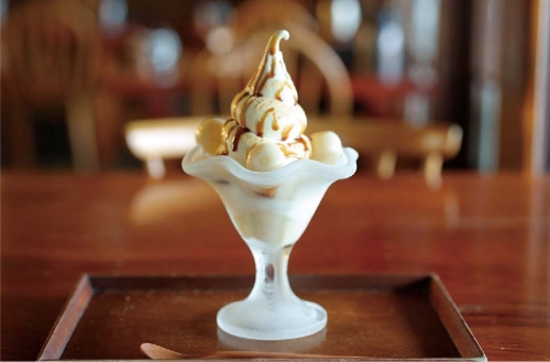 呉豆腐や豆腐白玉、豆乳ソフトクリームに黒蜜黄粉をトッピングした「平川屋パフェ」(1,200円)は、イートイン限定
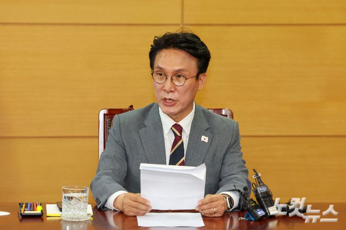 김민석 국무총리 후보자가 10일 오전 서울 종로구 통의동 금융감독연수원에 마련된 청문회 준비단 사무실에서 기자간담회를 하고 있다. 류영주 기자 |
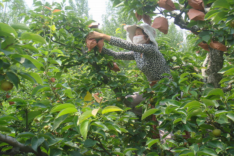 砀山果园场:中晚熟梨套袋收尾
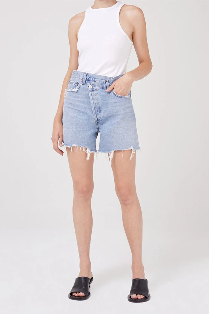 Agolde criss cross boyfriend fit denim shorts, in vintage symbol blue wash. Cut with an easy leg and unfinished hem. Can be styled rolled. Non stretch, button fly closure.Â
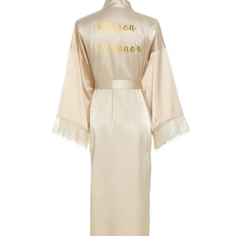 Шелковый атлас кружевной халат подружки невесты Robe Платья для под...
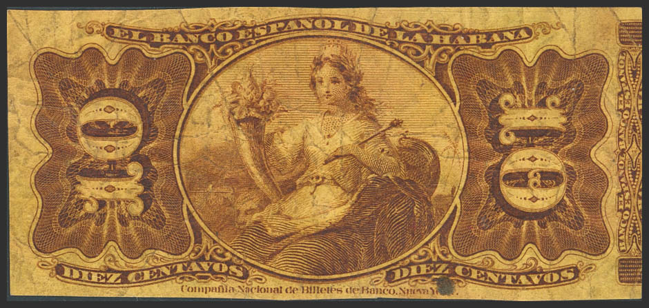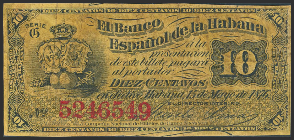 BANCO ESPAÑOL DE LA HABANA. 10 Centavos. 15 de Mayo de 1876. Serie G. (Edifil 2023: 45). MBC-.
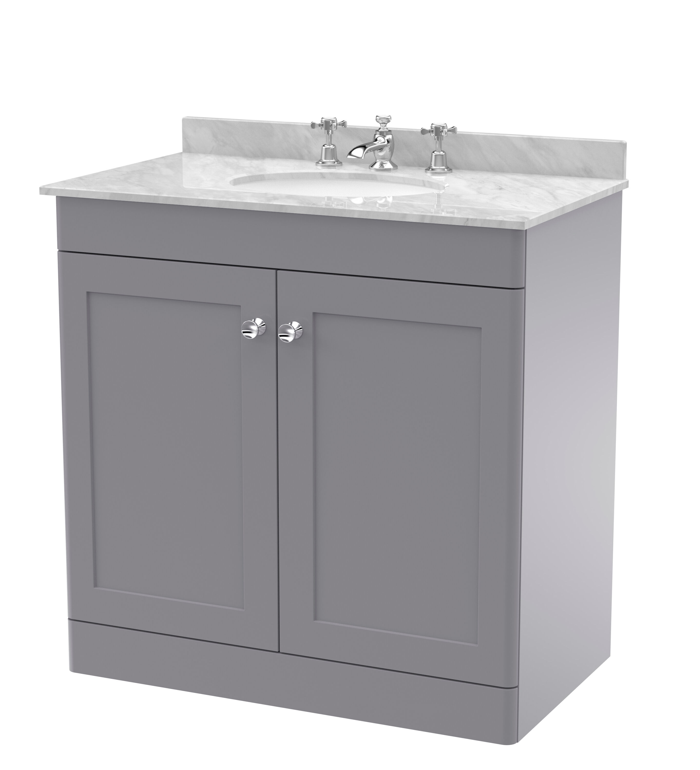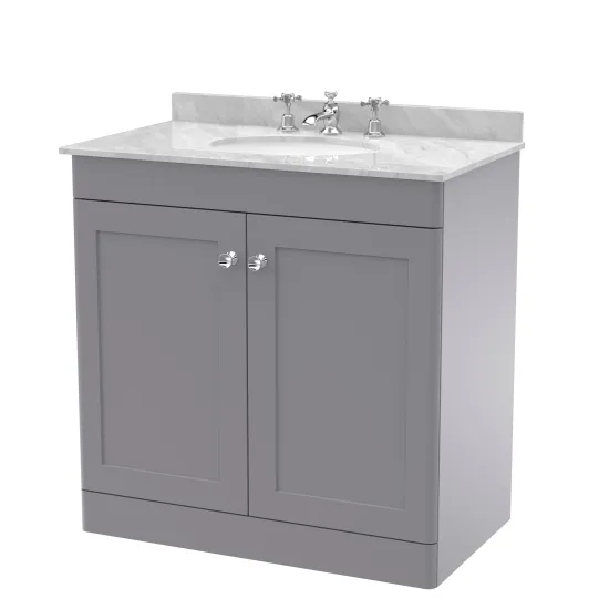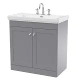 Nuie Classique 800mm Satin Grey Floor Standing 2 Door Vanity Unit with 3 Tap Hole Basin
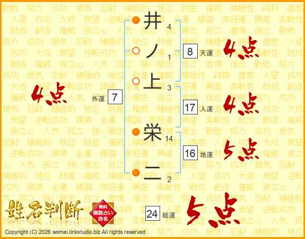 井(4画)ノ(1画)上(3画) 栄(14画)二(2画)
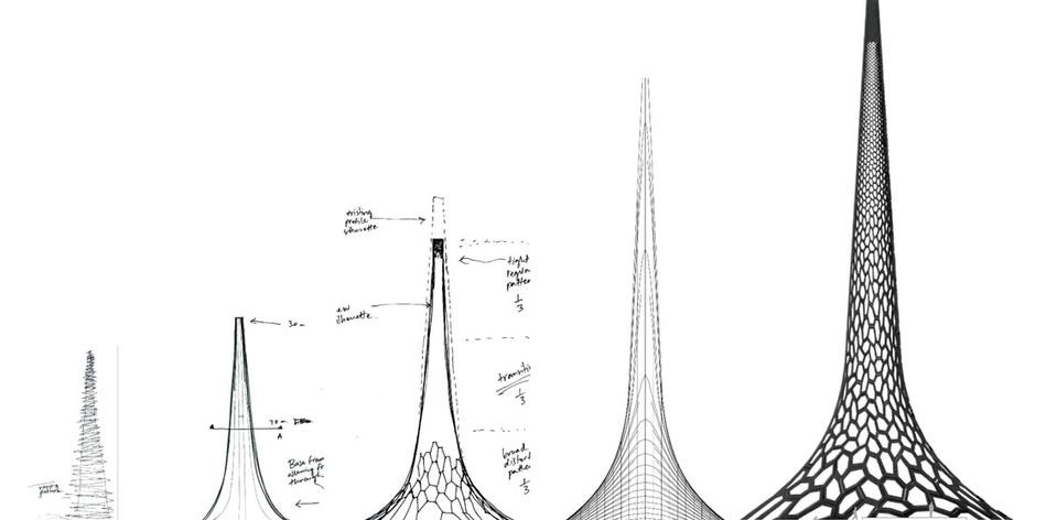 The tower is divided into three sections, tapering from a base of approximately 30m x 25m to 3.0m x 2.5m at the top. It comprises of 187 individually cast hexagonal blocks, weighing up to 18 tonnes each. The individual internal hexagons are pre-cast white concrete, which were lifted into place on site using a variety of cranes including one of the largest in the world, a 550 tonne mobile crane.
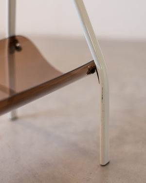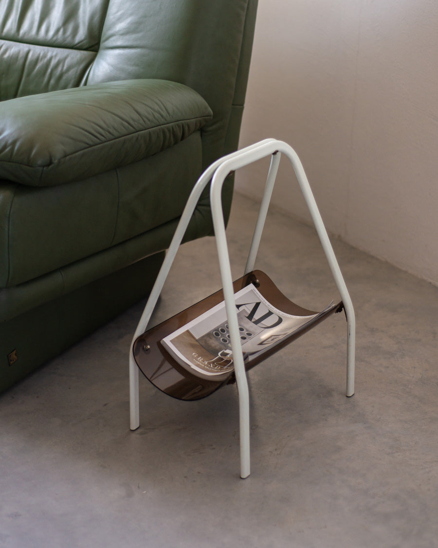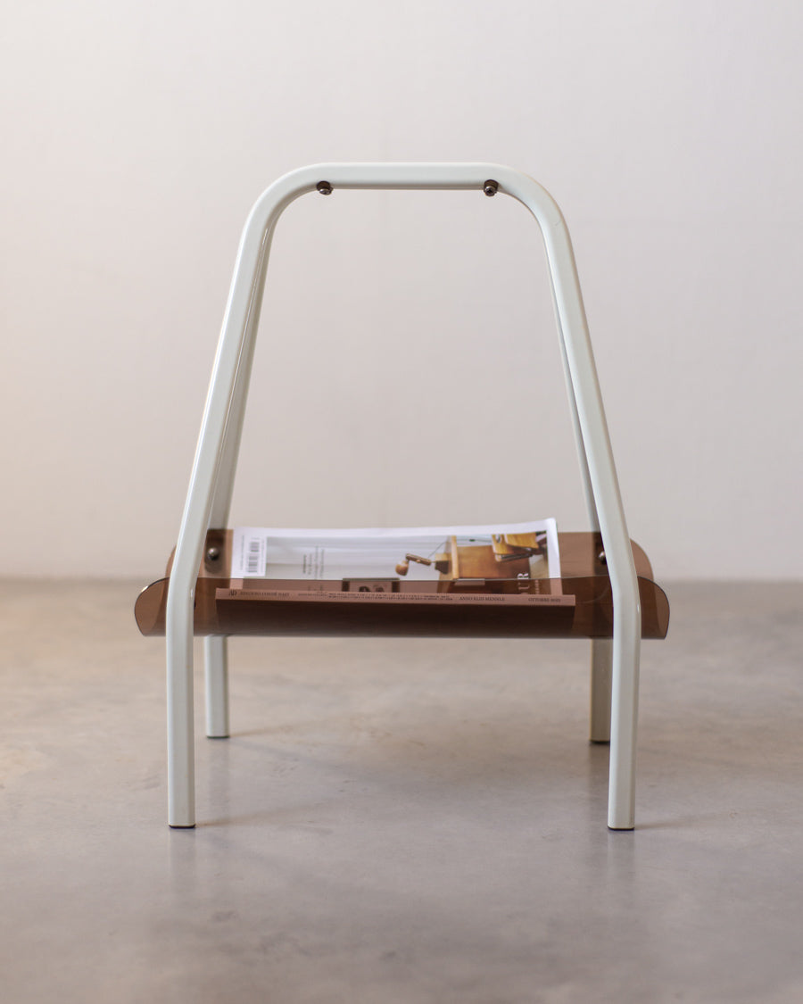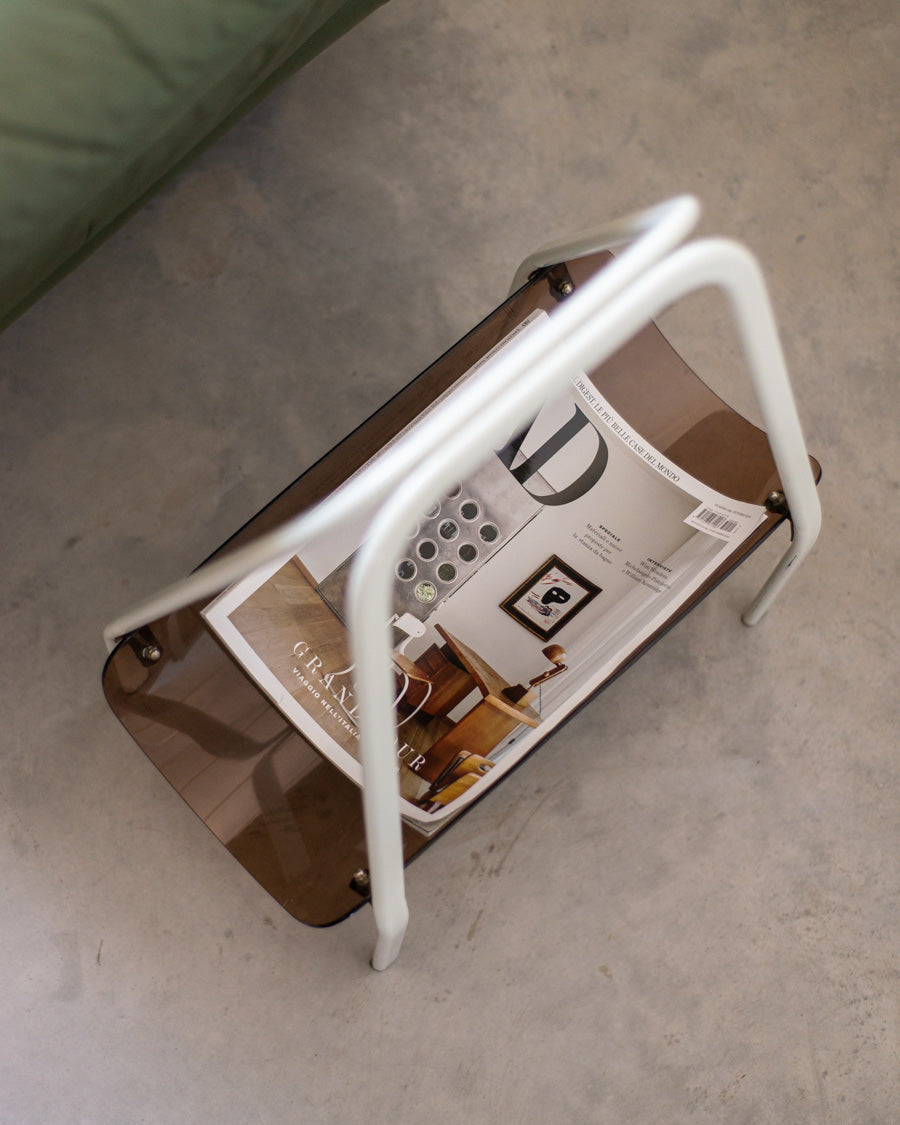 Vintažinė žurnalinė pagaminta iš gintaro spalvos akrilinio stiklo, stovi ant baltų metalinių kojelių.

----------------

§ Assigned task
Copy all the data exactly as written, but skip any picture.

§ Response
 呉豆腐や豆腐白玉、豆乳ソフトクリームに黒蜜黄粉をトッピングした「平川屋パフェ」(1,200円)は、イートイン限定
 김민석 국무총리 후보자가 10일 오전 서울 종로구 통의동 금융감독연수원에 마련된 청문회 준비단 사무실에서 기자간담회를 하고 있다. 류영주 기자 |
 砀山果园场:中晚熟梨套袋收尾
 Agolde criss cross boyfriend fit denim shorts, in vintage symbol blue wash. Cut with an easy leg and unfinished hem. Can be styled rolled. Non stretch, button fly closure.Â
 Шелковый атлас кружевной халат подружки невесты Robe Платья для под...
 BANCO ESPAÑOL DE LA HABANA. 10 Centavos. 15 de Mayo de 1876. Serie G. (Edifil 2023: 45). MBC-.
 Nuie Classique 800mm Satin Grey Floor Standing 2 Door Vanity Unit with 3 Tap Hole Basin
 井(4画)ノ(1画)上(3画) 栄(14画)二(2画)
 The tower is divided into three sections, tapering from a base of approximately 30m x 25m to 3.0m x 2.5m at the top. It comprises of 187 individually cast hexagonal blocks, weighing up to 18 tonnes each. The individual internal hexagons are pre-cast white concrete, which were lifted into place on site using a variety of cranes including one of the largest in the world, a 550 tonne mobile crane.
 Vintažinė žurnalinė pagaminta iš gintaro spalvos akrilinio stiklo, stovi ant baltų metalinių kojelių.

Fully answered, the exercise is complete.